When Jim's grandparents move into the town of Black Hawk, Ántonia and other immigrant daughters come in as hired girls in the houses of the townspeople. Cather draws the small town closely: its respectable families, its narrowness, the dances that the country girls bring to life, and the social line that keeps the hired girls apart. Jim, growing up, admires their energy and resents the town's timidity, but he too is moving away from that world toward university.
The later books carry Jim outward. He studies in Lincoln, drawn to Latin poetry and to Lena Lingard, another of the country girls now making her own way as a dressmaker. He goes east to Harvard and into a career, and for twenty years he loses sight of Ántonia. In the meantime her own story turns hard: she is courted and abandoned by a railroad man, bears his child alone, and goes back to work the land without complaint.

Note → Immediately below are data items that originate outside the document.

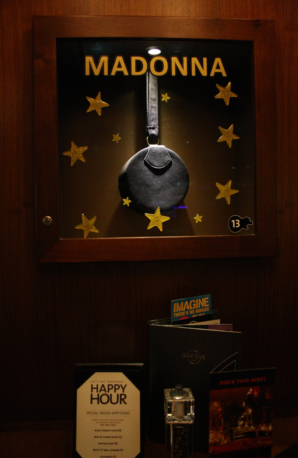 Hard Rock Cafe Florence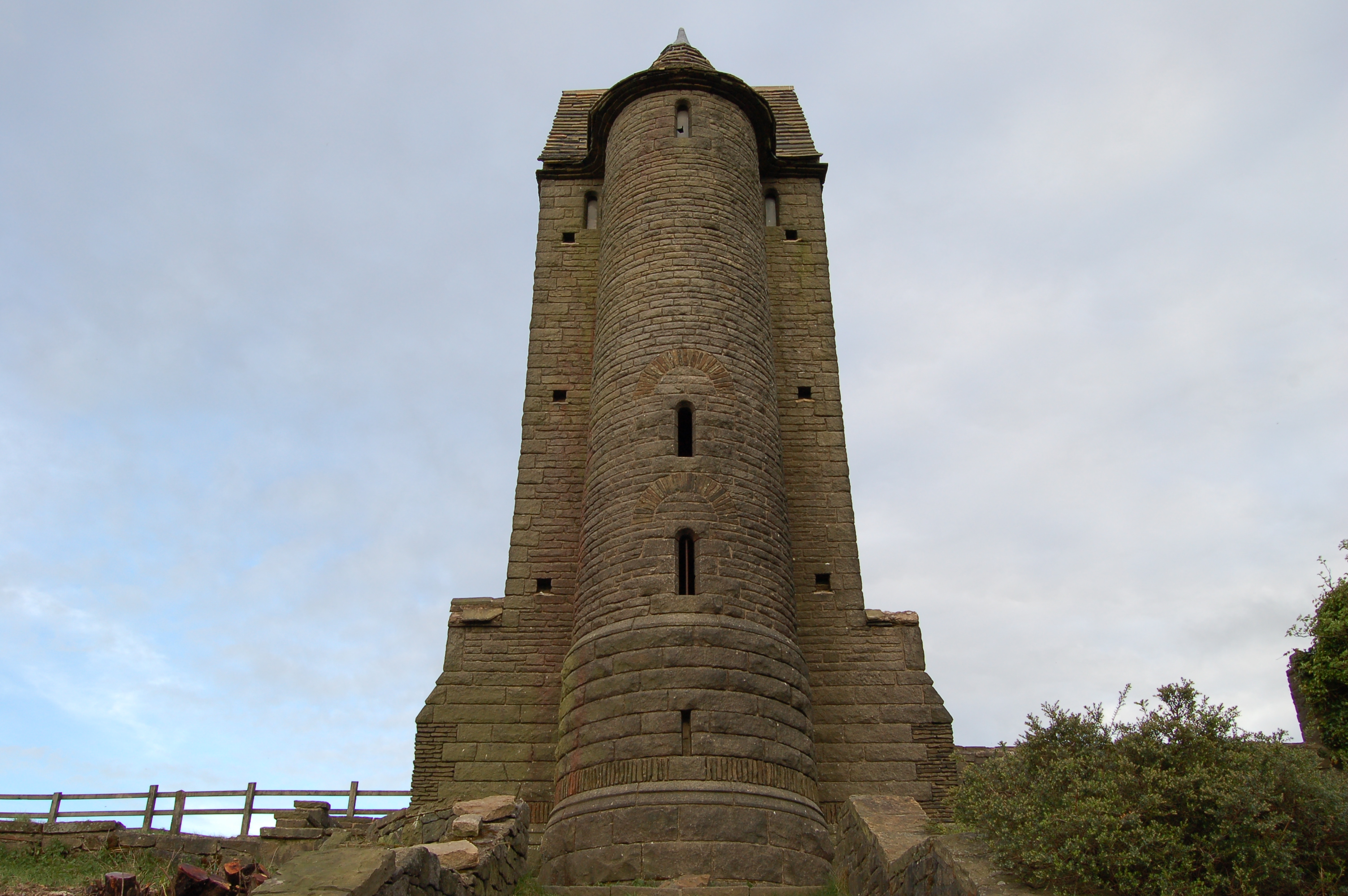 The Pigeon Tower on the West Pennine Moors, England.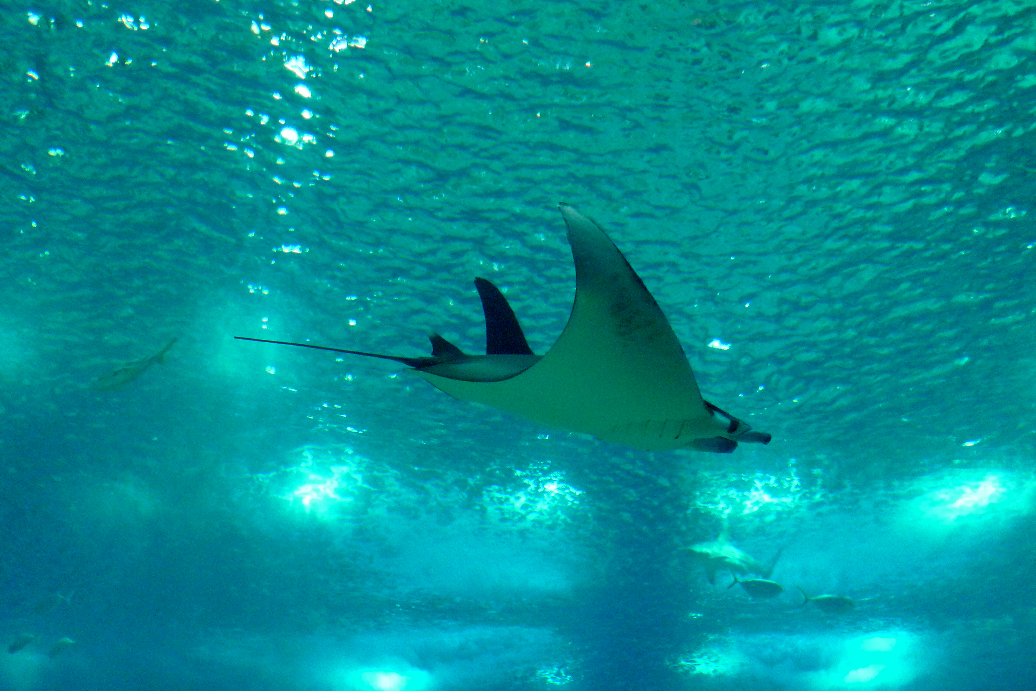 Atlantic mobula (Mobula mobular) at the Lisbon Oceanarium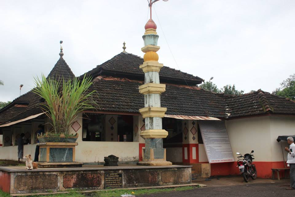 This is Gramdaivata (Village deity) of Nerur, Maharashtra.

In the final book Jim returns to Nebraska and finds Ántonia married to a Bohemian farmer, surrounded by many children and a thriving fruit farm. She is weathered and aged but full of the same vitality, a woman who has poured her strength into planting, raising, and harvesting. Jim sees in her the meaning of the whole adventure of his childhood, and the book closes on what he calls the precious, incommunicable past that the two of them possess together.